I have a file like this: (data.dat)
1 1 1 1 1 1 1 1 1 1 1 1 1 1 1 1
2 2 2 2 2 2 2 2 2 2 2 2 2 2 2 2
3 3 3 3 3 3 3 3 3 3 3 3 3 3 3 3
4 4 4 4 4 4 4 4 4 4 4 4 4 4 4 7
5 5 5 5 5 5 5 5 5 5 5 5 5 5 5 9
6 6 6 6 6 6 6 6 6 6 6 7 6 7
7 9 7 7 7 7 7 7 7 7 7 8 7 9
8 10 8 9 8 9 8 8 8 8 8 9
9 11 9 10 9 9 9 9 9 10
10 12 10 11 10 10 10 11
The odd columns are simple line counters (NR), the even columns are simple values. I would like to get those values, in which the second (or even) colum values are the same in all even columns, i.e. I should get this output:
1
2
3
9
I have already tried to make this line, but something is wrong:
awk '{arr1[$1]=$2;arr2[$3]=$4;arr3[$5]=$6;arr4[$7]=$8;arr5[$9]=$10;arr6[$11]=$12;arr7[$13]=$14;arr8[$15]=$16;}END{for(x in arr1) if(x in arr2 && x in arr3 && x in arr4 && x in arr5 && x in arr6 && x in arr7 && x in arr8) print arr1[x];}' data.dat | sort -n
Is there a better way, by the way?
UPDATE: The real problem is that the array indices are different. So, the arr[...] method does not work... :(
This would work -
awk '
BEGIN{x=0}
{if (x<NF) x=NF;for (i=2;i<=NF;i+=2) a[$i]++}
END{x=x/2;for (y in a) if (x==a[y]) print y}' INPUT_FILE
Explanation:
We set a variable x=0 in the BEGIN statement.
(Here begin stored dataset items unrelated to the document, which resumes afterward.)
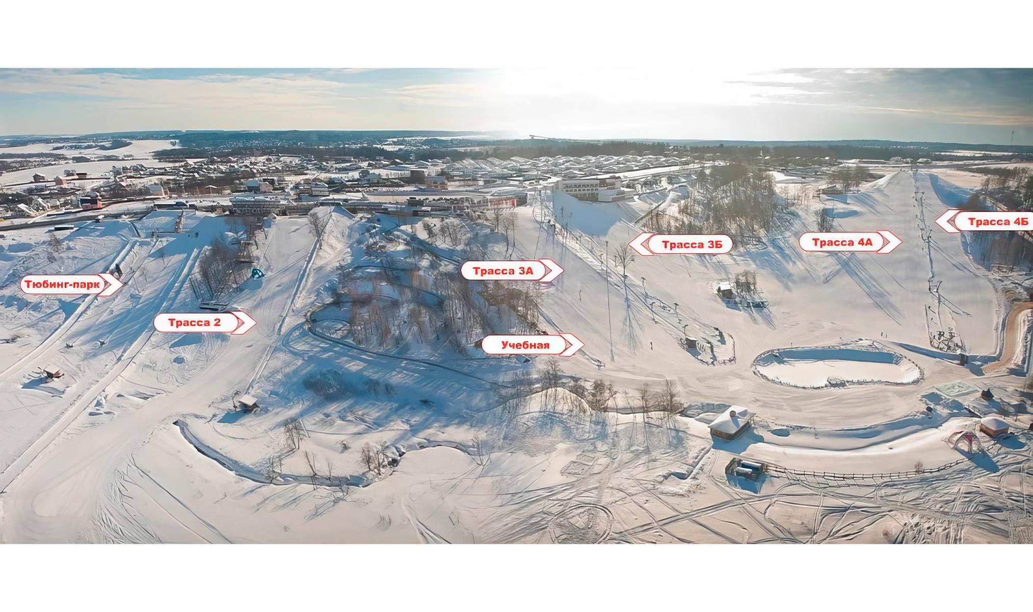 Трассы. Шесть линий разного уровня сложности с максимальной длиной 600 метров и перепадом высот до 60 м, есть отдельная учебная трасса.
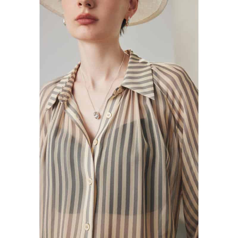 What sets this shirt apart is its commitment to quality and style. The non-stretch silk fabric drapes beautifully, creating an elegant silhouette that moves with you. The striped pattern is not just visually appealing but also versatile, making it easy to pair with a variety of bottoms and accessories. Whether you’re dressing up for the office or dressing down for a casual outing, this shirt is your go-to choice.
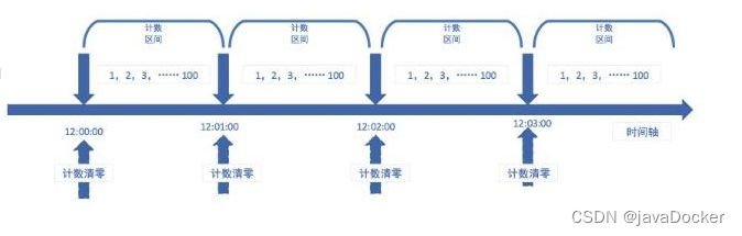 计数器算法指在一段时间内,进行计数,与阀值进行比较,如果超过了阀值则进行限流操作,到了时间临界点,将计数器清零进行重新基数,即单位时间段内可访问请求的次数进行控制。计数器算法是一种比直观简单的限流算法,常用于应用服务对外提供的接口层面。
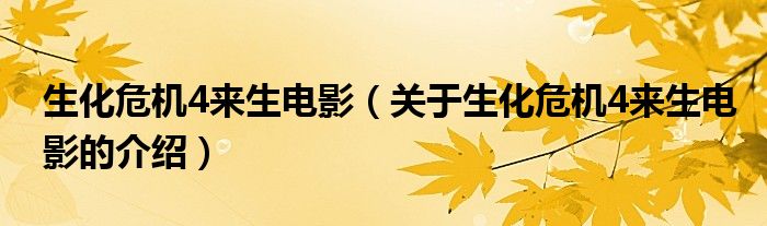 生化危机4来生电影(关于生化危机4来生电影的介绍)
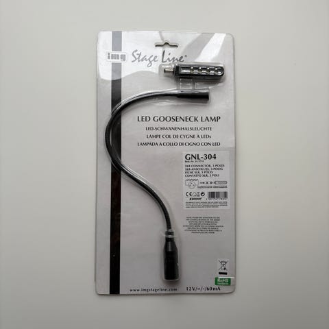 Double LED lamp on clamp. For example for music stand, mixer, guitar pedals, record player. Each has two LED bulbs (4 in total), so it shines brightly and uses little power.
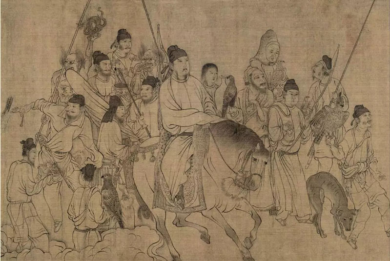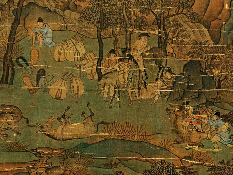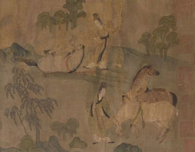 首先,我们来看这幅画的“开篇”:这是曹植,在京师告别了他的哥哥——皇帝曹丕之后,跋山涉水前往自己的封地东阿。由河南洛阳至山东东阿,一行人走得人困马乏,刚至洛水,曹植的随从和他的马匹便准备休息。
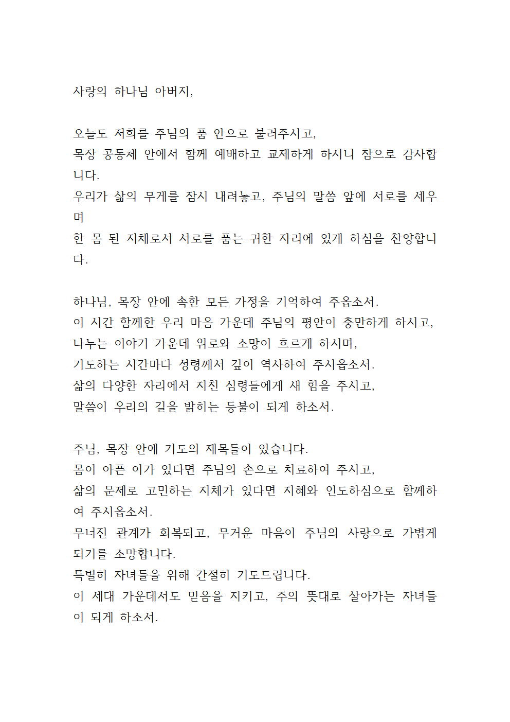 목장 가족 간에 따뜻함, 현실적 어려움, 신앙적 소망을 함께 담아 기도하면 좋을 거예요.

We use this variable to get to find out maximum number of fields (This is useful later).
We store value of every second column to an array and get their number of occurrences.
We divide the variable x by 2 to verify maximum number a value can occur in every second column.
If the occurrences of numbers in an array matches this variable it means they are present in every second column.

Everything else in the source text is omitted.